My environment is Win32 in Microsoft Visual Studio C ++.

I'm interested in optimizing the algorithm as much as possible out of curiosity, a 1-bit image will be converted to TIFF. I am currently setting FillOrder as MSB2LSB (the most significant bit for the least significant bit) just because the TIFF specification offers this (it doesn't have to be MSB2LSB)
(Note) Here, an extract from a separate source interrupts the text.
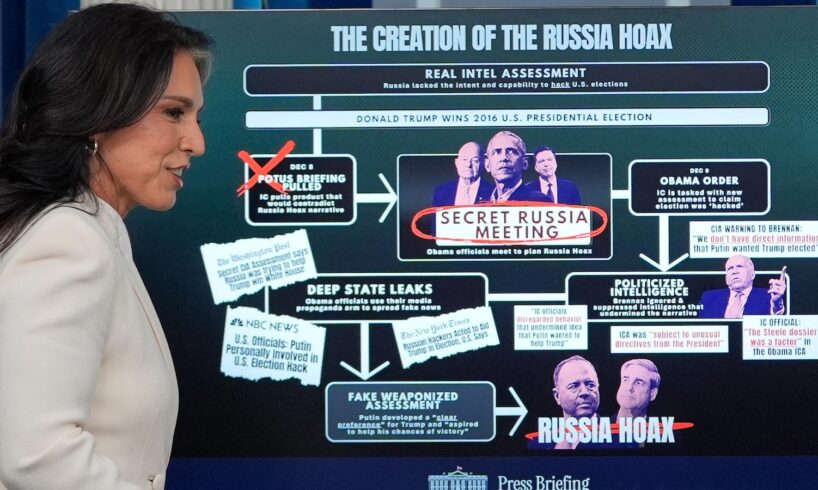Escalating her attempts to undermine the long-settled conclusion that Russia tried to help Trump beat Hillary Clinton for the presidency nearly a decade ago, she unspooled what she called unshakable proof that then-President Barack Obama and his advisers plotted nothing short of a coup.

Just some kind of background for those who don’t know:

The MSB2LSB arranges the pixels from left to right in the byte in the same way that the pixels orient in the image as the X coordinate increases. If you look at the Grayscale image from left to right along the X axis, this obviously requires you to think back when you pack the bit into your current byte. Having said that, let me show you what I have (this is in C, I did not try to use ASM or Compiler Intrinsics, but only because I have very little experience with it, but that would be possible).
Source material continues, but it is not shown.